News Link • Economy - Economics USA
The Cost to Fill Up in '94 vs. the Cost Now
• https://www.ericpetersautos.com, By ericBack then, the cost of a gallon of gas was about $1.10 – and back then, I was a young guy without a lot of money to spend on gas, but I could still afford to regularly fill up the old muscle car's tank because it only cost me about $20 to do that, back then.
Today, it costs about $90 to fill up that same tank and it's much harder to afford that, even though I ought to be able to afford more today rather than back then, since I'm more financially secure after thirty-plus years of working than I was back then, when I'd just begun working.
Except I'm not.
Something has changed – and it is more than just what people refer to as "inflation."
If you plug the $1.10 per gallon cost of gas back in '94 into the inflation calculator the government makes available – see here – you get an "inflation adjusted" 2026 figure of $2.48 per gallon.
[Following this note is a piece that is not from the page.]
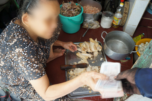 Xương gà, thịt cua làm xong, bà đựng trong những cái khay nồi mà không che đậy mặc ruồi bu bám, đặt ngay cửa nhà vệ sinh và lấn vào toilet. Bà dùng đôi tay trần vừa giã vừa xé thịt. Đang làm, một người bán than mang hàng tới giao, người phụ nữ lấy tiền ra trả và tiếp tục công việc bằng chính đôi tay vừa cầm tiền mà không cần rửa sạch.

This is off by about $1.50 per gallon in my area, where regular unleaded costs about $4 per gallon as of yesterday.
It's more than just that, though.
If you are old enough to remember what other things cost – and what you had available to spend – back in the '90s, then you know it is not just "inflation" (or the cost of gas) that's made things seem more expensive by dint of us needing to have more dollars to buy the same things today than we needed to buy those things (like gas) back in the '90s.
I remember what I was earning, back then. It was not much – and yet, I had enough coming in to be able to afford to both buy the old muscle car (which was then just an old car, admittedly, rather than the "classic" it is now) as well as fill it up regularly and pay the rent/mortgage I had to pay back in those days, plus all of the other expenses – such as for food and utilities and so on – that everyone has to pay who isn't homeless or a government dole-receiver. I was able to afford all that, as a young guy just starting out. Here I am, 30-something years older and even without having to pay one of the major expenses I was paying back then – the rent/mortgage, because I now nominally "own" the home I still have to pay rent to the government in order to not be evicted from – and it is much more difficult for me to fill-up the old muscle car's tank because I have fewer actual dollars to buy the gas with.